Читаем Марина полностью

Я смотрю на нее и недоумеваю: что это еще за тон: Розыгрыш?

— Это будет тебе неприятно…

Я с трудом соображаю, что шутить Кубышкина не умеет и этот идиотский тон обычен для нее.

— Брось ты кашу размазывать! — обрывает ее Лиля. — Коротко и ясно: Хромов женится…

Это не совсем доходит до меня, почти машинально спрашиваю:

— На ком?

— На Светке.

Я продолжаю смотреть на Кубышкину. Ее лицо выражает безграничную трагедию. Я чувствую, что усмехаюсь.

— Я говорю это тебе для того, чтобы ты ничему не удивлялась, — продолжает Лиля. — Мы ей тут устроили веселую жизнь. Она перевелась в новый отдел на ставку техника — папочка кому–то мигнул, в счет будущего высшего образования…

— Наплюй ты на это дело, — говорит Валечка. Я ничего не чувствую.
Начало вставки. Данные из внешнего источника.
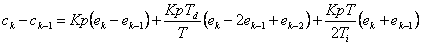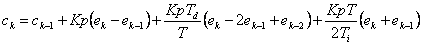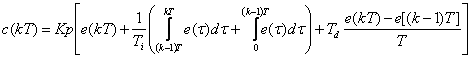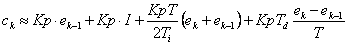 Aceasta din urma relatie (1.2.1.1.7) cuprinde aproximatia derivatei, de care am pomenit mai sus si datorita acestui fapt se scapa informatie (derivata continua contine informatii asupra tendintei viitoare de evolutie, pe cand echivalentul discret inglobeaza doar informatii referitoare la valoarea curenta yk si valoarea anterioara yk - 1).
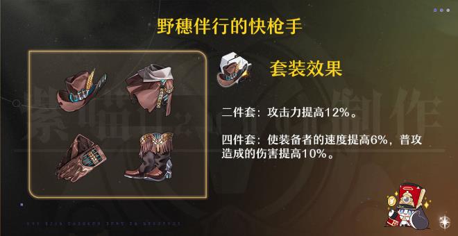 解析:这个套装提供攻击力加成、速度加成以及普攻伤害加成。
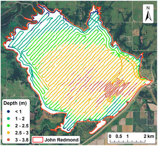 - Jakubauskas, M.; deNoyelles, J.; Martinko, E. Bathymetric Survey of John Redmond Reservoir, Coffey County, Kansas; Kansas Biological Survey, Applied Science and Technology for Reservoir Assessment Program, Kansas Biological Survey: Lawrence, KS, USA, 2014. [Google Scholar]
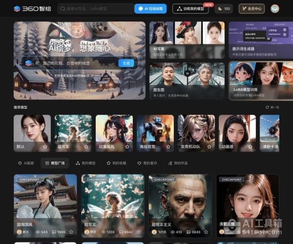 - 平台提供了丰富的模型库:360智绘提供国风、写实、动画、奇幻CG、3D、多彩等多种风格的模型
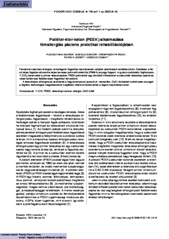 Puskás, Fanni Andrea and Miskolci, Sándor and Krompaszki, Patrícia and Rátonyi, József and Hegedűs, Csaba (2025) Poliéter-éter-keton (PEEK) alkalmazása fémallergiás páciens protetikai rehabilitációjában [Prosthetic rehabilitation of a metal-allergic patient using polyetheretherketone (PEEK)]. FOGORVOSI SZEMLE, 118 (1). pp. 8-13. ISSN 0015-5314
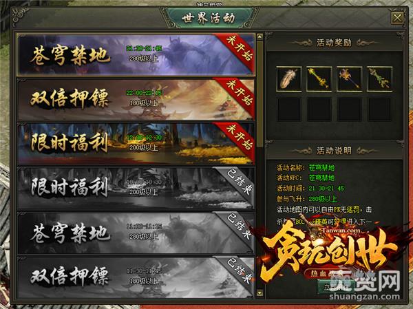 在战神要塞找到苍穹禁地NPC进入活动。也可以点击右上角小地图边上的活 进入世界活动界面。查看开启时间。活动地图内玩家可以自由PK无惩罚,打每层BOSS及精英可获得进入下一层的通行证呢,如果你能打败十层最终BOSS可是有概率获得高转武器。希望在座的兄弟们都能打败最终boss!
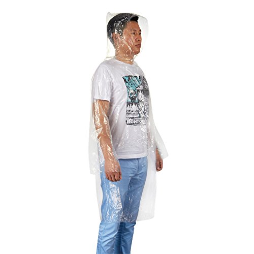 10 Count Disposable Adult Rain Ponchos with Hood - Emergency Poncho, Clear
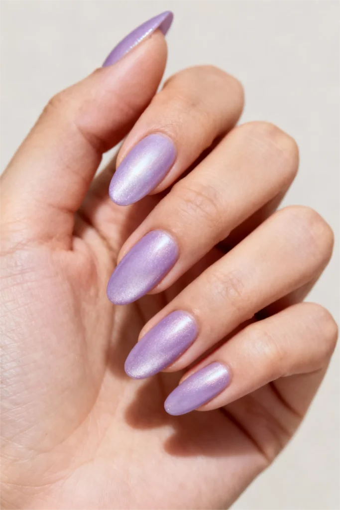 Lavender is back and it’s bringing all the dreamy, soft-girl energy with it. But this isn’t your basic pastel purple—there’s a gorgeous shimmer running through it that gives the color dimension and movement. The almond shape adds just a hint of femininity without going full-on pointed. It’s that perfect nail shape that feels grown-up but still playful.
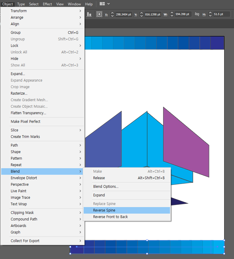 어도비 일러스트 blend는 Blend Tool로 사용할 수 있으며 그라데이션 표현, 3D 표현에 용이하다.
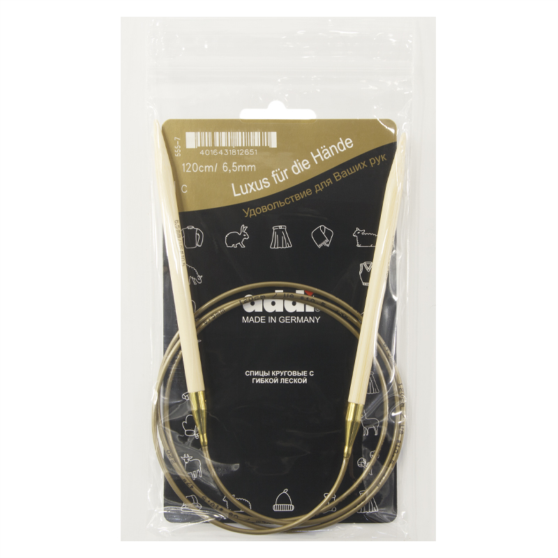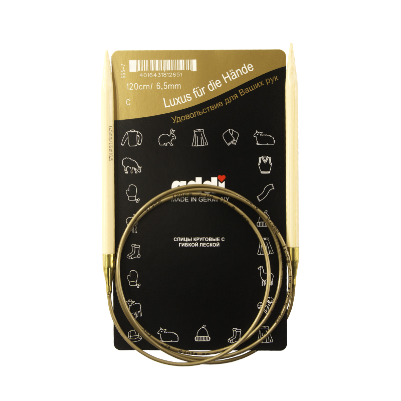 Спицы из высококачественного бамбука, который растет на юге Японии, где очень холодно. Он растет очень медленно, и поэтому очень прочный. Именно такой бамбук используется для спиц addi, самый прочный из всех сортов бамбука в мире. Спицы не стучат при вязке. На знаменитой золотой леске есть все необходимая информация. Леска очень гибкая и позволяет мягко скользить спицам между петлями. Переход от спицы к леске очень деликатен. При производстве каждая спица проходит дополнительный тактильный контроль. Поверхность спицы обрабатывается специальным, высокотехнологичным японским воском, который закрывает поры бамбука и делает поверхность абсолютно гладкой. Спицы addi Bambus идеальны для людей с аллергией на металл и их едва слышно при вязании
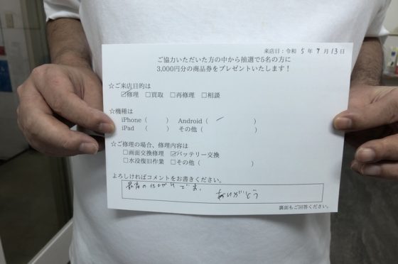 弊社の修理サービスをご利用いただいきましたお客様の声です。
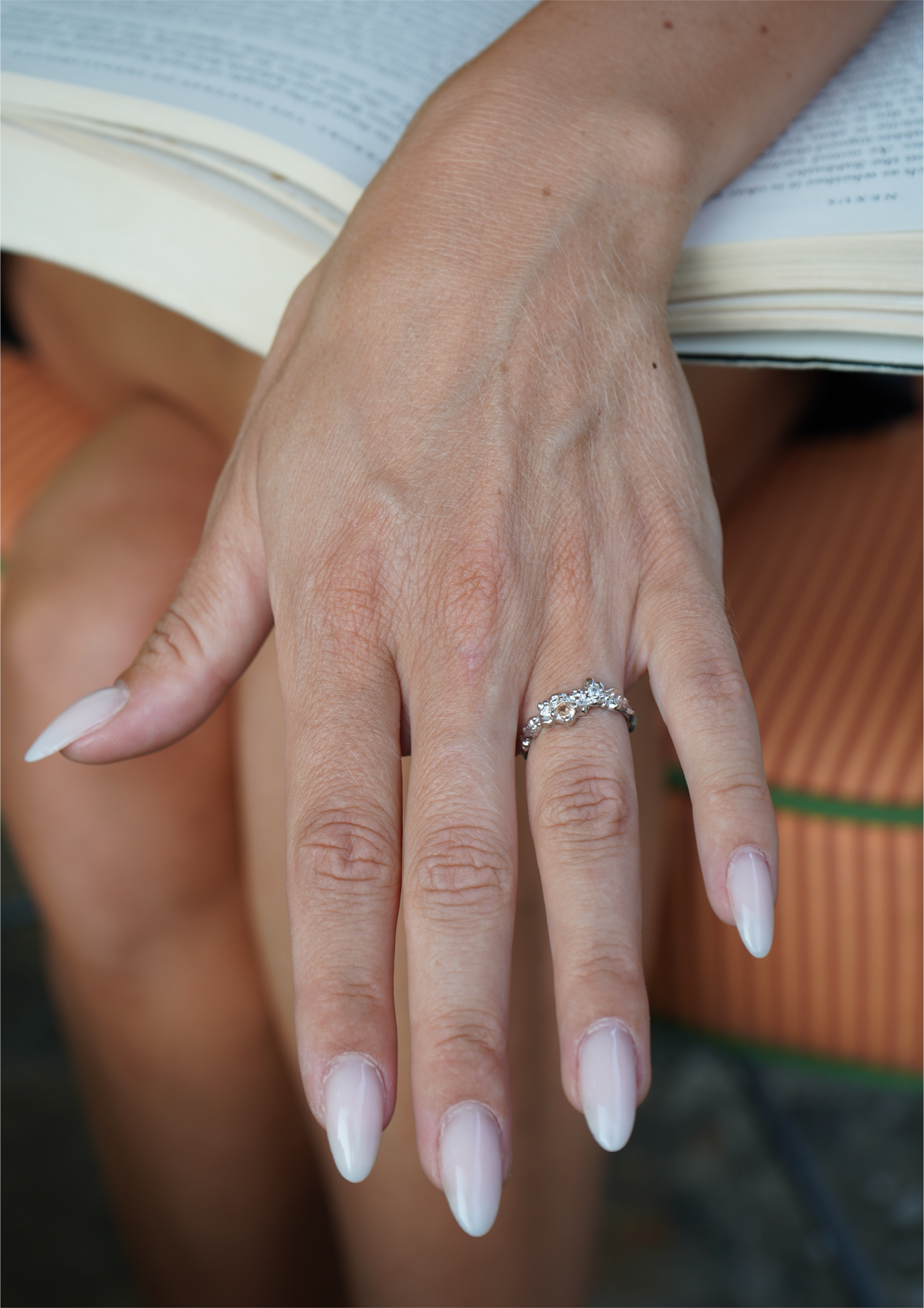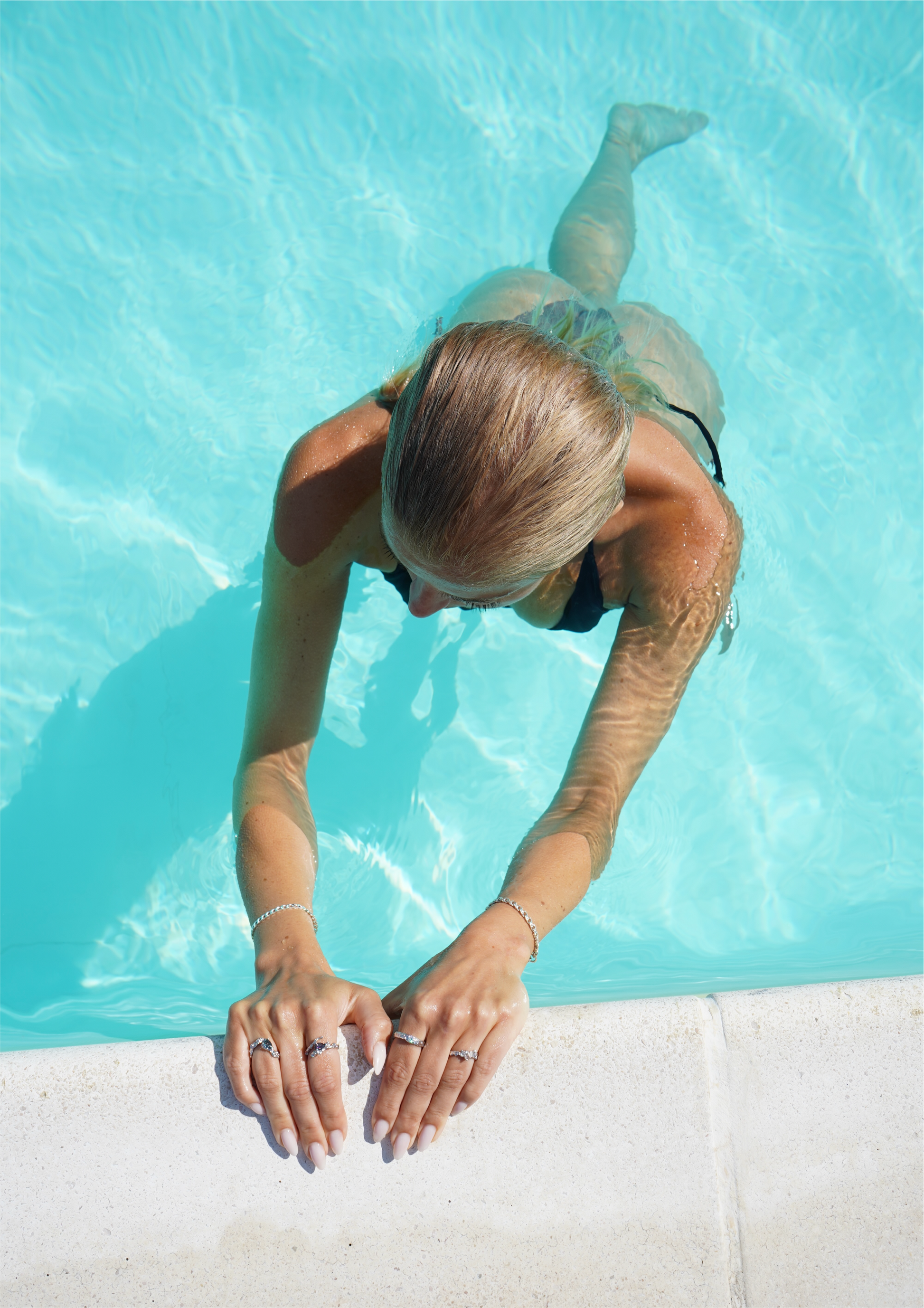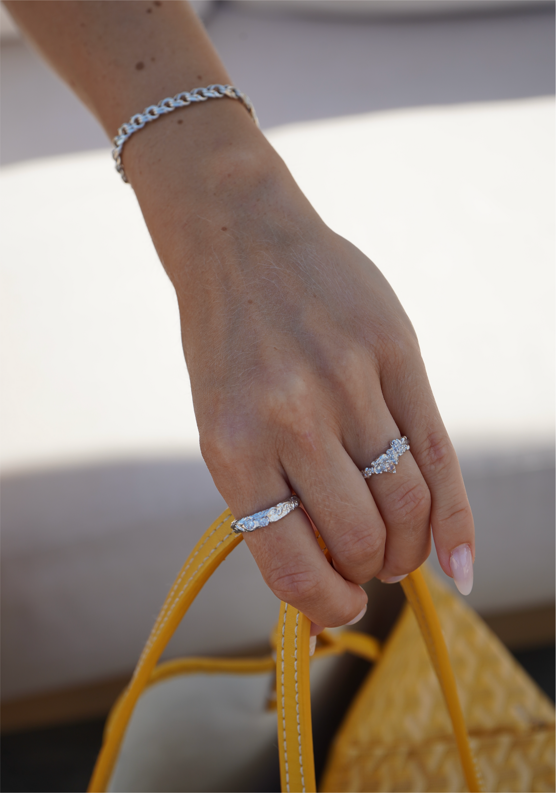 Our Warped Champagne Ring Silver is made in sterling silver. This beautiful and water resistant silver ring is adjustable and therefore one size.
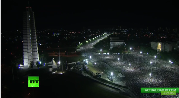 « Vive la Révolution! », « Fidel, Fidel! », scandaient des milliers de Cubains de tous âges peu avant le début de la cérémonie vers 19H00 (00H00 GMT) devant le mémorial du héros de l’indépendance José Marti sur la place de la Révolution, au centre de la capitale.
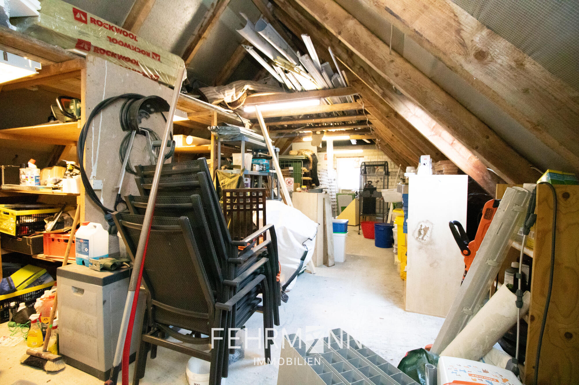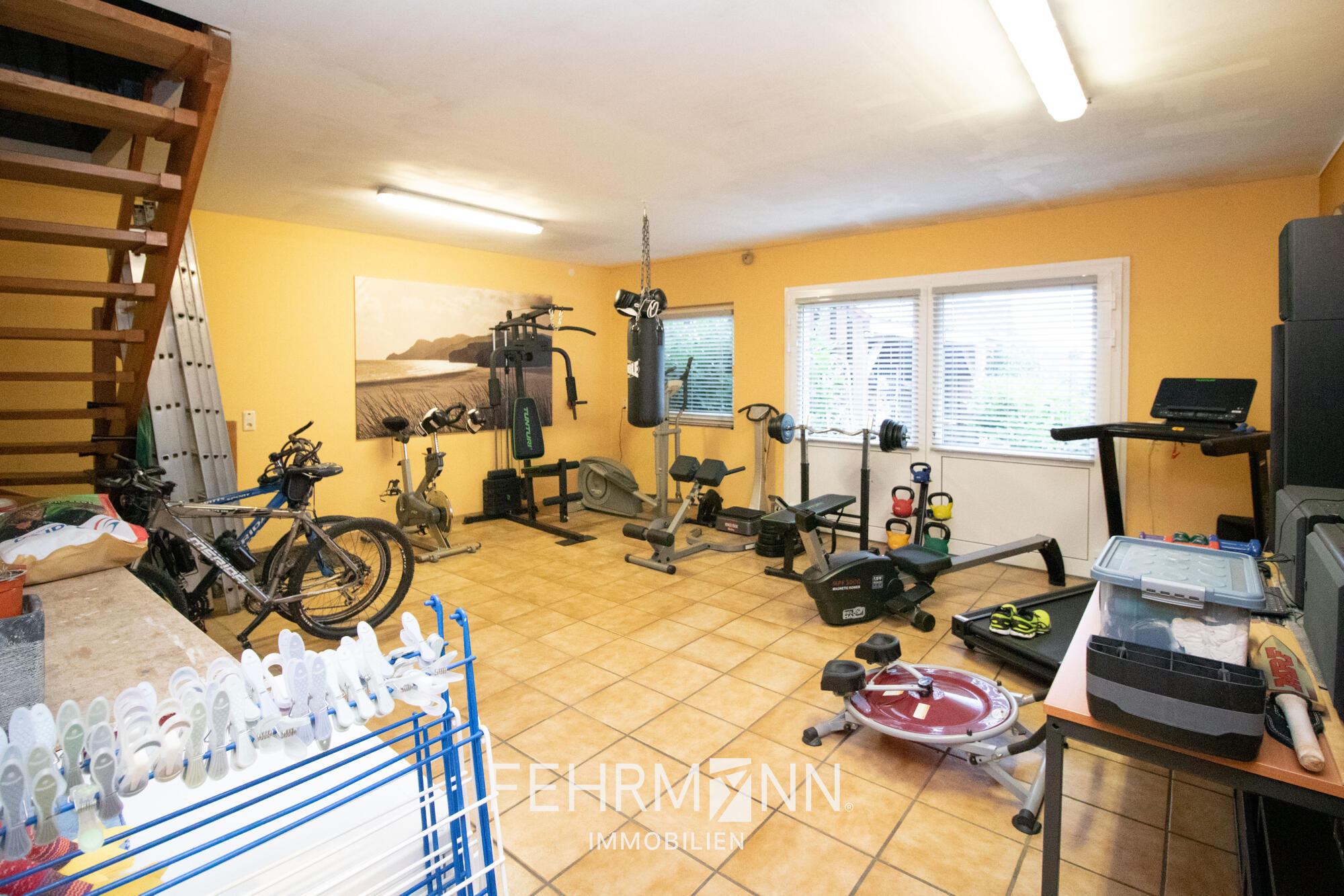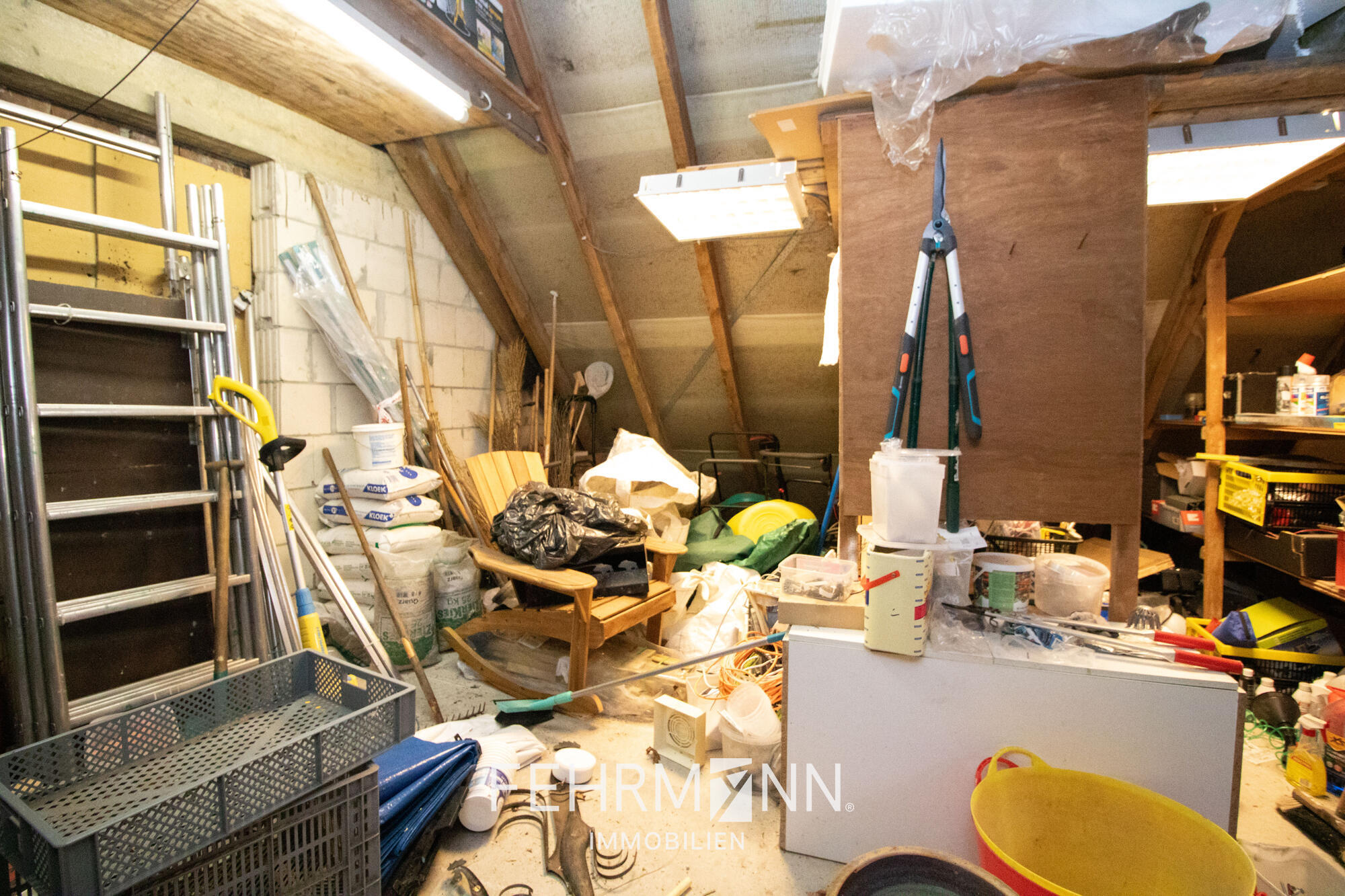 Die großzügige, geflieste Doppelgarage bietet nicht nur Platz für zwei Fahrzeuge, sondern auch einen großen Fitnessraum direkt dahinter – ideal für sportliche Aktivitäten zu Hause. Oberhalb der Garage steht ein großer Stauraum zur Verfügung.

Они стоят рядом. У него в руках поднос: один на двоих.

— Сосисочки, пожалуй, — говорит она, — первого не надо.

— А я хочу щи, — говорит он.

Странно, что я слышу каждое слово. Мне кажется, что если мы встретимся глазами, он вдруг засмеется, махнет рукой и скажет, что он пошутил.

Но мы не встречаемся глазами.

— Четыре щей, четыре шницеля, —-говорит Лиля. Он оборачивается- на ее голос, и его лицо растягивается в улыбке:

— Привет машиносчетной…

Лиля молчит. На его лице никакого смущения. Конечно же, он видит меня. И эта его улыбка, этот бодренький тон — для меня. Ему мало того, что он меня бросил. Нужно еще показать, что это не стоило ему никакого труда.

Я иду по проходу, и мальчишки в замасленных спецовках присвистывают мне вслед. Я им нравлюсь. И я думаю о том, что я свободна и могу выбрать любого из них, хорошего, выбрать верно и без ошибки. Удар, нанесенный мне, так стремителен, что я не чувствую боли. Я почувствую ее потом.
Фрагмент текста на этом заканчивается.